Hey, I am an A2 Electronics student and need to prove that my MOSFET Power Amplifier is functional, image is attached.

I was told to use the P=V^2/R formula to prove that the power at the input is greater than that of the output.

I currently have no clue on how to use this formula to prove this, any help would be greatly appreciated.

I can give additional information of needed.

 

Cheers,

Ryan

[Crunchy Dragon]

12 minutes ago, Smiffy_ said:

the P=V^2/R formula

Power = Voltage squared, divided by Resistance?

 

I haven't taken an electronics course in a few years and my knowledge is pretty limited.

[Ryth_cs]

Just now, Crunchy Dragon said:

Power = Voltage squared, divided by Resistance?

 

I haven't taken an electronics course in a few years and my knowledge is pretty limited.

I'm aware of the formula just not on how to apply it to solve my problem.

[Crunchy Dragon]

Just now, Smiffy_ said:

I'm aware of the formula just not on how to apply it to solve my problem.

I'm asking if that was the correct interpretation of the formula since I wasn't sure. Sorry for not pointing it out.

[Ryth_cs]

2 minutes ago, Crunchy Dragon said:

I'm asking if that was the correct interpretation of the formula since I wasn't sure. Sorry for not pointing it out.
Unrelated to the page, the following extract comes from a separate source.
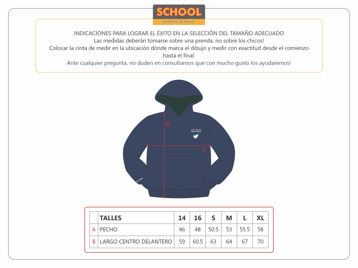 Canguro con capucha con bolsillo delantero.  La prenda es toda de color azul marino (exactamente igual al pantalón deportivo), con el logo institucional y la capucha forrada en color verde inglés.

Oh yes it is, sorry for not realising.

[Unimportant]

1 hour ago, Smiffy_ said:

I was told to use the P=V^2/R formula to prove that the power at the input is greater than that of the output.

Surely you mean to prove that power at the output (relay) is greater then the input (MOSFET gate).

 

There's some information missing, such as the relay's coil resistance and the MOSFET Rds(on) but let's go worst case.

 

Let's ignore the fact that the MOSFET itself will have a huge input resistance at the gate and model the Gate-Source in the worst possible way, a short circuit. Even then we have at least the 2.1M gate resistance.

 

Assuming the gate is also being driven with 5V, and seeing the MOSFET Gate-Source as a short with 0 voltage drop, the full 5V has to drop over the 2.1M resistor, we get:

P = 5^2 / 2.1M = 0,000011905 Watt

of power dissipated in the gate resistor. As a side note, current will stop flowing into the MOSFET gate once it's been fully charged (barring some leakage current), but let's ignore that as well.

 

As for the output side, let us assume we have a really crappy MOSFET with a Rds(on) of 10 ohms. As for the relay's coil resistance, let's go by this datasheet that says 50 ohms.

The relay coil and MOSFET Rds(on) are in series and thus form 60 ohms, we get:

5^2 / 60 = 0,42 Watts of power dissipated in the output circuit total.

Of which (0,42 / 60) * 50 = 0,35 Watts in the relay and...
(0,42 / 60) * 10 = 0,07 Watts in the MOSFET.

And so, power in the output loop is much greater then in the input loop.